# Vista Search?



## toddpedlar (Dec 13, 2008)

What's with the Vista "search" functionality and the inability (as far as I can tell) to search all documents on your computer for a word within the file? I used this ALL the time in XP, but now that I've got a vista machine I seem to be completely hampered. Why would they remove functionality like that? (or am I missing something? Anyone know how to do what I want to do under Vista?)


----------



## Broadus (Dec 13, 2008)

I've used the free Copernic search program for several years and never looked into Vista's capabilities, though I've used Vista for close to two years now.

Bill


----------



## fredtgreco (Dec 13, 2008)

Todd,

You need to check the "Indexing Options" in the Control Panel. Likely you don't have the proper settings checked. Vista Search is actually way better than XP's.

Of course the best search program by far is X1. Nothing comes close.

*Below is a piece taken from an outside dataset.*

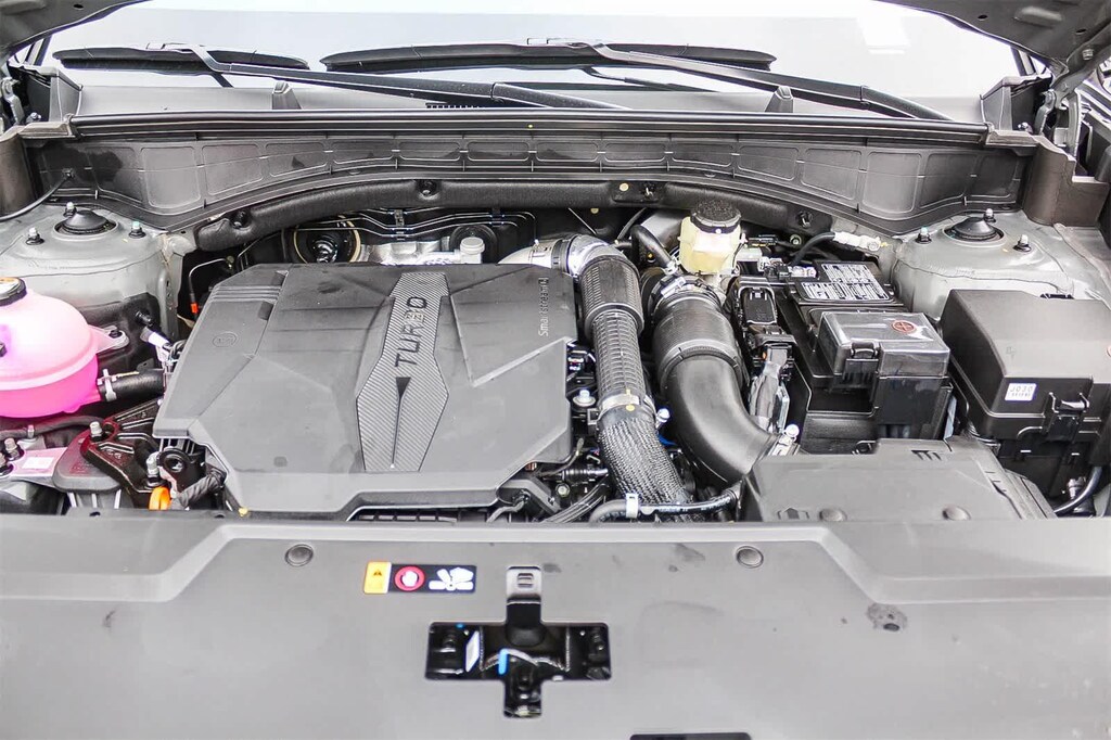 This vehicle has Option Group 01, Gray Cloth, 18 x 7.5J Alloy Wheels, 3rd row seats: bench, 4-Wheel Disc Brakes, 6 Speakers, ABS brakes, Air Conditioning, All Season Fitted Liners, Alloy wheels, AM/FM radio: SiriusXM, Apple CarPlay & Android Auto, Auto High-beam Headlights, Brake assist, Bumpers: body-color, Cargo Cover/Screen, Cargo Net, Carpeted Floor Mats, Delay-off headlights, Driver door bin, Driver vanity mirror, Dual front impact airbags, Dual front side impact airbags, Electronic Stability Control, Emergency communication system, Exterior Parking Camera Rear, First Aid Kit, Four wheel independent suspension, Front anti-roll bar, Front Bucket Seats, Front Center Armrest, Front reading lights, Fully automatic headlights, Heated door mirrors, Illuminated entry, Knee airbag, Leather steering wheel, Low tire pressure warning, Occupant sensing airbag, Outside temperature display, Overhead airbag, Overhead console, Panic alarm, Passenger door bin, Passenger vanity mirror, Power door mirrors, Power Liftgate, Power steering, Power windows, Radio: AM/FM/HD Display Audio, Rear anti-roll bar, Rear seat center armrest, Rear side impact airbag, Rear window defroster, Rear window wiper, Remote keyless entry, Security system, Speed control, Speed-sensing steering, Split folding rear seat, Spoiler, Steering wheel mounted audio controls, Tachometer, Telescoping steering wheel, Tilt steering wheel, Traction control, Trip computer, Variably intermittent wipers, and YES Essentials Stain-Resistant Cloth Seat Trim.

X1 Enterprise Search Solutions : search, preview and act upon data in over 400 formats and applications


----------



## NaphtaliPress (Dec 13, 2008)

fredtgreco said:


> Todd,
> 
> You need to check the "Indexing Options" in the Control Panel. Likely you don't have the proper settings checked. Vista Search is actually way better than XP's.
> 
> ...


 Life saver (well, saves lot of frustration at least)


----------